Abriram o email? Então, tomem essa, de bate-pronto:

“Algo realmente dramático está acontecendo no cenário midiático, na esfera pública e na indústria do jornalismo, quase sem que a gente perceba e certamente sem o nível de debate e de escrutínio necessário. Nosso ecossistema midiático mudou mais dramaticamente nos últimos cinco anos do que talvez em qualquer momento dos últimos quinhentos. Estamos testemunhando um enorme salto na capacidade técnica – realidade virtual, vídeo ao vivo, robôs de notícias inteligentes, mensagens instantâneas, e aplicativos de chat. Nós estamos testemunhando mudanças massivas no controle e nas finanças, colocando o futuro do nosso ecossistema de publicação nas mãos de poucos, que agora controlam o destino de muitos.”

Buenas, moçada!
Desculpem abrir a newsletter assim, jogando essa bomba no colo de vocês.
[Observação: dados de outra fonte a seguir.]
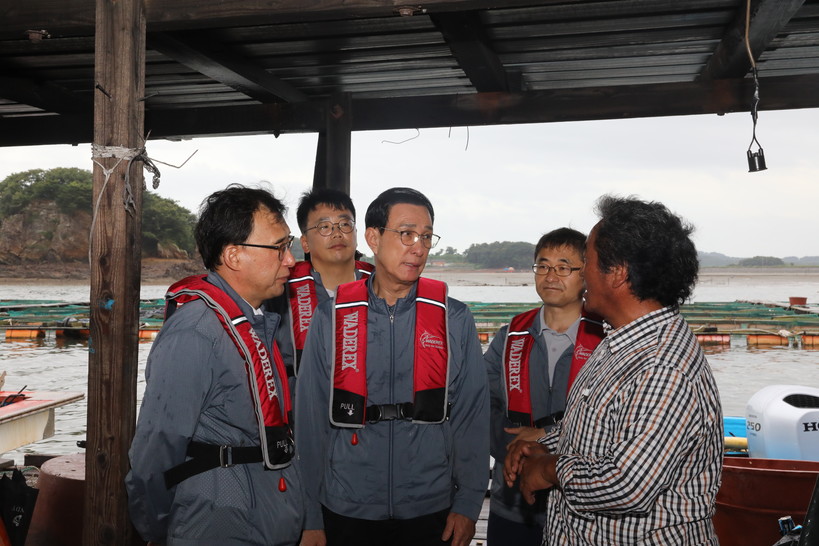 | ▲ 노동진 수협중앙회장(가운데)이 21일 안면도 천수만 양식장에서 양식 어업인으로부터 고수온 피해상황을 듣고 있다. (사진=수협 제공) |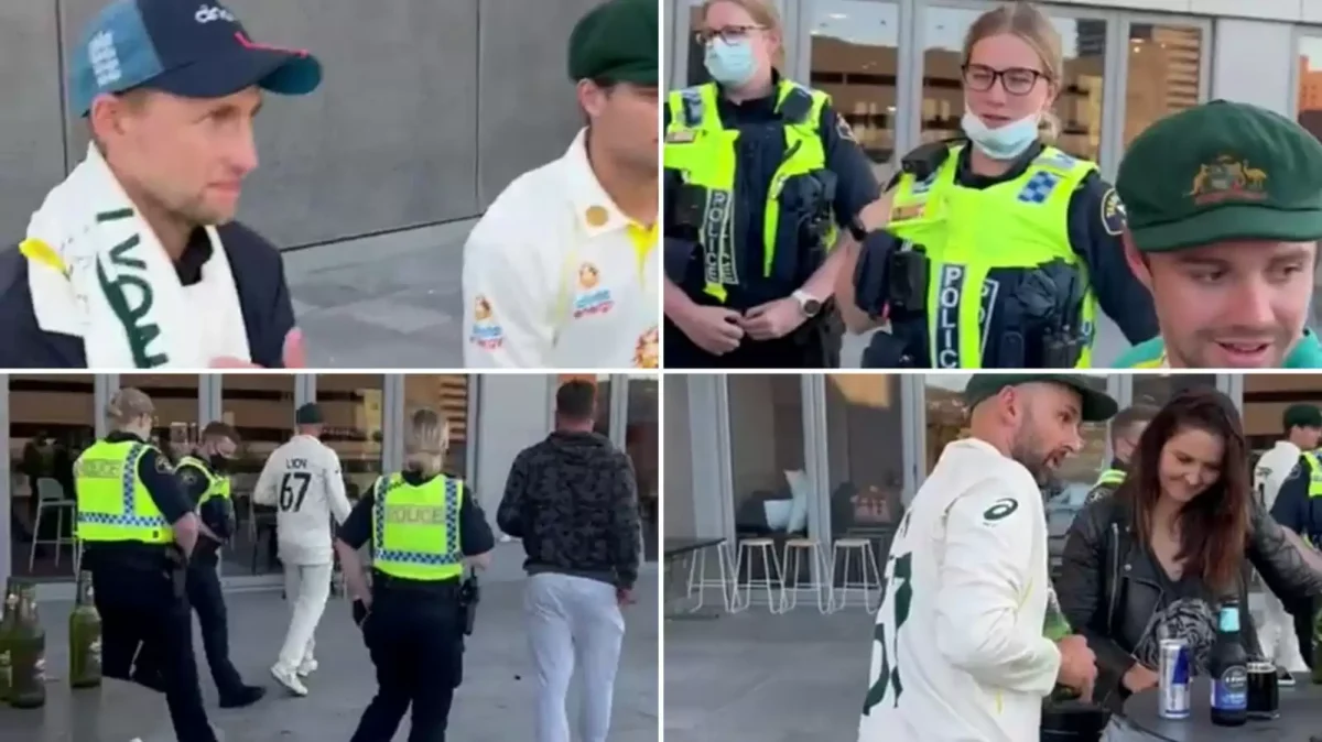Looks a lot like Jimmy Anderson, Joe Root, Nathan Lyon and Alex Carey cracked on til dawn after the day/nighter test. This being Australia, the police turned up to shut down the fun. pic.twitter.com/V4gyxLmUUT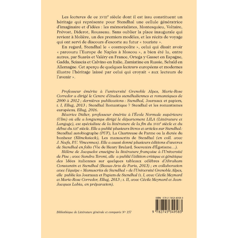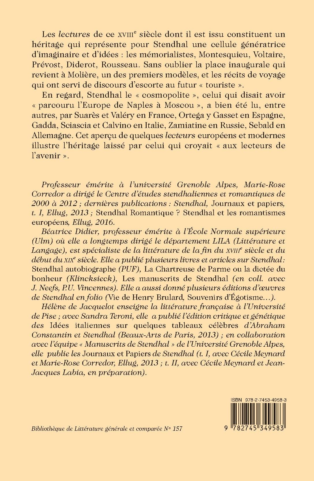 Les lectures de ce XVIIIe siècle dont il est issu constituent un héritage qui représente pour Stendhal une cellule génératrice d’imaginaire et d’idées : les mémorialistes, Montesquieu, Voltaire, Prévost, Diderot, Rousseau. Sans oublier la place inaugurale qui revient à Molière, un des premiers modèles, et les récits de voyage qui ont servi de discours d’escorte au futur « touriste ».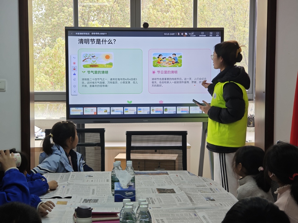 活动伊始,“小汤源”志愿服务队的志愿者们通过生动通俗的科普讲解,为孩子们全方位解读清明的文化内涵与节气特点,揭开清明的“双重身份”——既是万物复苏、草木萌发的节气信号,也是缅怀先人、寄托哀思、踏青寻春的传统节日。讲解过程中,志愿者们结合屏幕上的春景插画、民俗场景,用趣味问答、案例分享等形式调动孩子们的积极性,孩子们认真聆听、踊跃互动,眼中满是对春日美景与传统民俗的向往之情。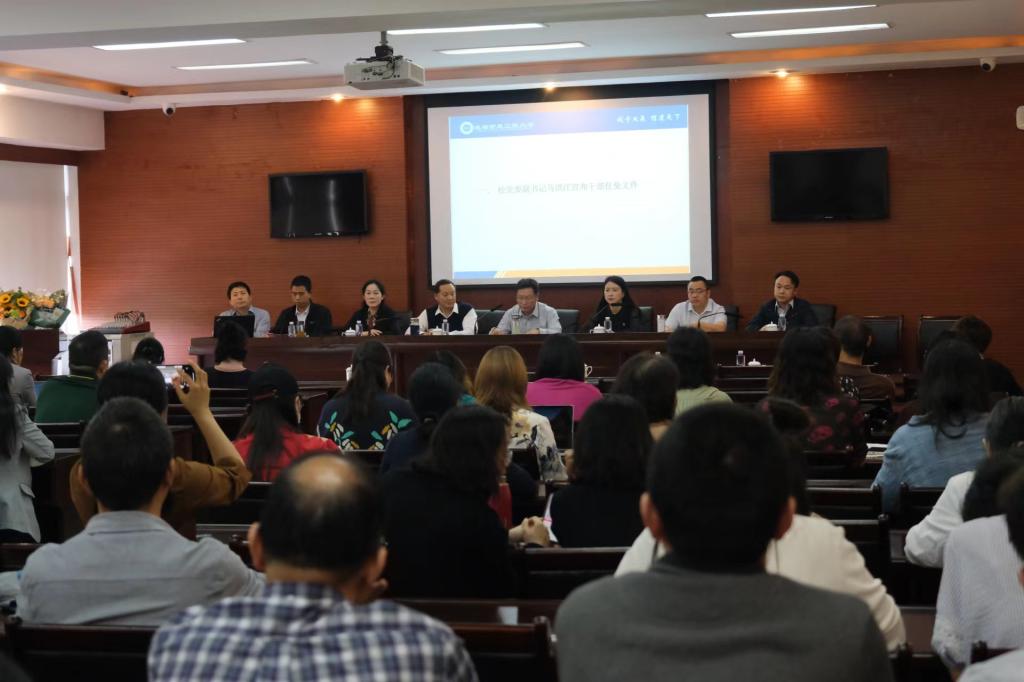 马洪江代表学校党委对原领导班子辛苦的付出及取得的成就表示衷心的感谢,对新领导班子表示祝贺,希望新一届领导班子在学校党委的坚强领导下,切实提高政治站位,坚定理想信念,团结和带领全体干部职工,不断强化内涵建设,为实现学校高质量发展再立新功。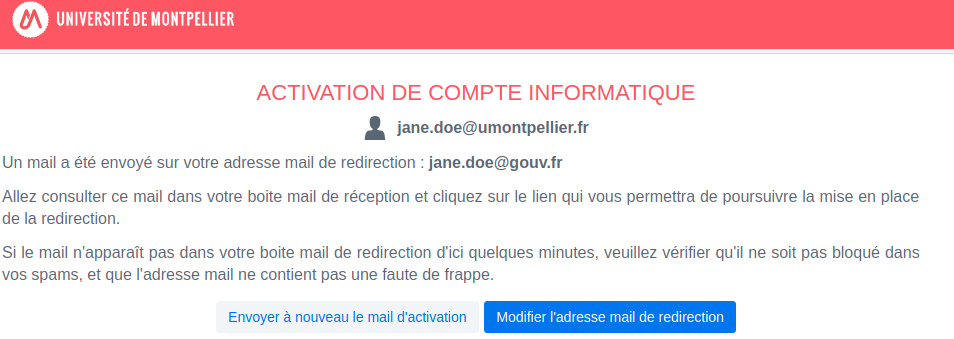 • Si vous avez saisi une adresse mail de redirection différente de l’adresse mail de secours, un mail contenant un lien sera envoyé sur cette adresse mail.

Mas quando a Emily Bell escreve, é preciso prestar atenção. Sou meio arredio a tietagem, mas, olha, são poucos os que têm a capacidade dela para traçar diagnósticos do jornalismo atual. Quem acompanha a NFJ sabe. Não foram poucas as vezes em que ela foi citada aqui. No fim de 2014 (meu deus, já faz tudo isso), por exemplo, um discurso que ela fez no Reuters Institute for Journalism ganhou uma edição especial. Na NFJ#54 destaquei outra fala da diretora do Tow Center for Digital Journalism. Sem falar em várias outras referências em outras edições.

Enfim, bem-vindos a mais uma edição da Newsletter Farol Jornalismo. Mais uma sexta-feira em nossas vidas. Tempo abrindo, clima ameno. Vamos nessa.

Continuamos, na verdade, destrinchando o texto de Emily Bell publicado no site da Columbia Journalism Review (texto, aliás, que é um discurso proferido por ela em um evento em Cambridge). Nem preciso dizer que recomendo fortemente a leitura.

Nessa última manifestação, Emily Bell seguiu sua tradicional linha de raciocínio: fez um diagnóstico baseado em críticas ao poder que as empresas de tecnologia possuem hoje em dia e alertou para a necessidade de o jornalismo discutir sobre essa situação, e não simplesmente aceitá-la como algo natural.

Após o primeiro parágrafo, traduzido acima, ela recupera alguns dados recentes sobre o uso de dispositivos móveis, sublinhando a dimensão que as redes sociais têm em nossas vidas; fala sobre os recentes produtos voltados ao jornalismo desenvolvidos pelos grandes players, ou, como ela se refere, “quatro cavaleiros do apocalipse” (Google, Facebook, Apple e Amazon); e analisa o comportamento do jornalismo diante deste cenário, principalmente para conseguir fechar as contas.

Sobre este último aspecto, ela resume em três as alternativas disponíveis hoje para a imprensa comercial. A primeira é apostar tudo em plataformas no estilo Instant Articles, especialmente para conseguir fugir da briga dos gigantes em relação a ad-blocks. A segunda é tentar viabilizar receitas fora dessas plataformas. Neste caso, o modelo mais tradicional é a assinatura. Porém, trata-se de uma solução que não funciona muito bem em economia de escala, pois, para conquistar assinantes, é preciso haver empatia e proximidade entre público e veículo. Ou seja, é um modelo que funciona melhor na mídia de nicho. Por fim, a última alternativa é apostar em publicidade que não se parece com publicidade. A tal publicidade nativa.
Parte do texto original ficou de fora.